● **Information provided**
[Start of section]
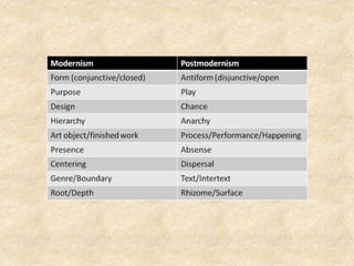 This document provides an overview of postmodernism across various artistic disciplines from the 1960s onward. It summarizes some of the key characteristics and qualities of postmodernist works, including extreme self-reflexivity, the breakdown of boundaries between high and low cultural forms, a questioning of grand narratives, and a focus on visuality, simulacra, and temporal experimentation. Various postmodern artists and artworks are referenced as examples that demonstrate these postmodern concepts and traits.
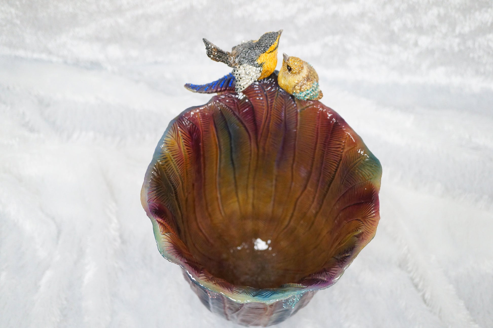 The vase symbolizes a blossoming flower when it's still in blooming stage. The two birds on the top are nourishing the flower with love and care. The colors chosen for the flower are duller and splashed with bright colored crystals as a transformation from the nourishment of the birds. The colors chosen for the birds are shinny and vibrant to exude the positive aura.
[End of section]
[Start of section]
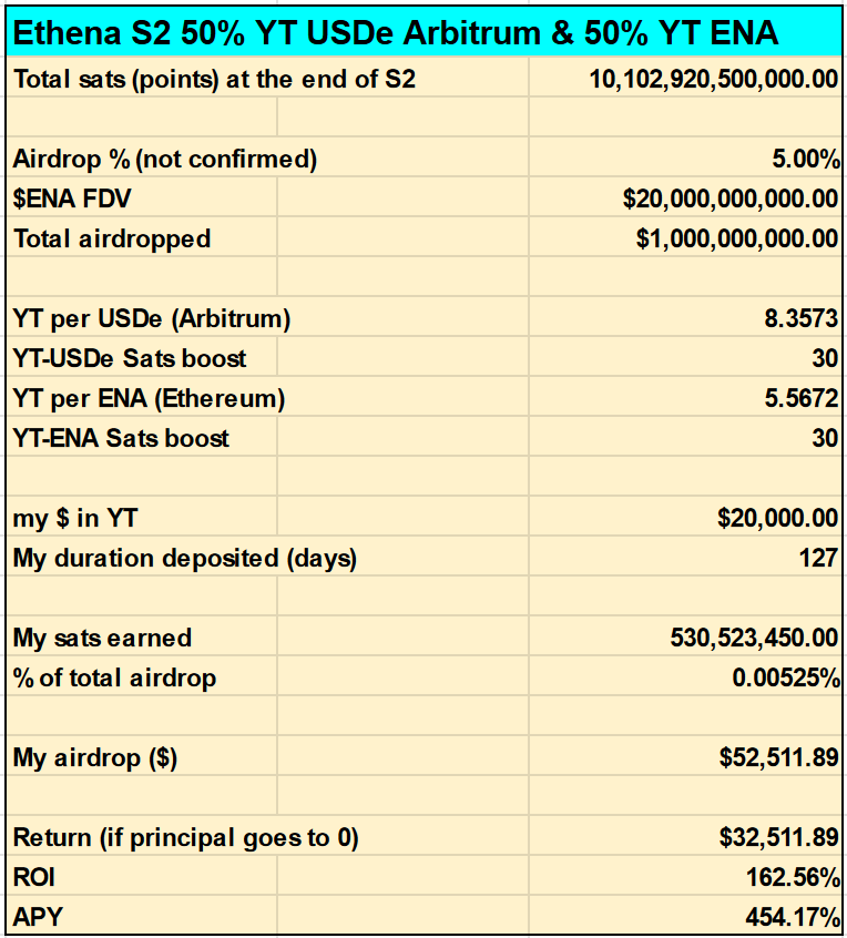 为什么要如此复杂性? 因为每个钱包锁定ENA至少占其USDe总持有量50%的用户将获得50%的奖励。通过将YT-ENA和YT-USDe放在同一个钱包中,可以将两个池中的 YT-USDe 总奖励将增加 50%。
[End of section]
[Start of section]
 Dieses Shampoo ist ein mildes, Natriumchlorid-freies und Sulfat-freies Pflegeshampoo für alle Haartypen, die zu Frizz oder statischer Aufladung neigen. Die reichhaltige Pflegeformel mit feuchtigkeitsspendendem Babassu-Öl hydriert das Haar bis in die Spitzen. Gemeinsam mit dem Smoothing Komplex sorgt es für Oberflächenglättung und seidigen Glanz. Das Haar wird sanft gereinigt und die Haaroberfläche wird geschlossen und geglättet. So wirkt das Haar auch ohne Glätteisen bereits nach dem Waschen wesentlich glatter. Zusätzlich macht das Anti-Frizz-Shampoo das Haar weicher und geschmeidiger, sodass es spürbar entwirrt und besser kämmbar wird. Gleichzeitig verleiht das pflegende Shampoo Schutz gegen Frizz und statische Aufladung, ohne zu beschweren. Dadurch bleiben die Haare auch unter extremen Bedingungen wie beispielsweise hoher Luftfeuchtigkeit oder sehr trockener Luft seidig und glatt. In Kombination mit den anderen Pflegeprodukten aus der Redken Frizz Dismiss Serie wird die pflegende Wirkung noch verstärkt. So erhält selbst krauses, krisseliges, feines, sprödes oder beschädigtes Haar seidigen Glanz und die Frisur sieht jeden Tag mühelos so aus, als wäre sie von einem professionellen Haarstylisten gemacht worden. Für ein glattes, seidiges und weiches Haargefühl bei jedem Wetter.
[End of section]
● **Activity**
Leave out every picture, and copy exactly the lines above starting at the one holding "This document provides" and ending at the one holding "The vase symbolizes", no more and no less.

● **Exercise output**
 This document provides an overview of postmodernism across various artistic disciplines from the 1960s onward. It summarizes some of the key characteristics and qualities of postmodernist works, including extreme self-reflexivity, the breakdown of boundaries between high and low cultural forms, a questioning of grand narratives, and a focus on visuality, simulacra, and temporal experimentation. Various postmodern artists and artworks are referenced as examples that demonstrate these postmodern concepts and traits.
 The vase symbolizes a blossoming flower when it's still in blooming stage. The two birds on the top are nourishing the flower with love and care. The colors chosen for the flower are duller and splashed with bright colored crystals as a transformation from the nourishment of the birds. The colors chosen for the birds are shinny and vibrant to exude the positive aura.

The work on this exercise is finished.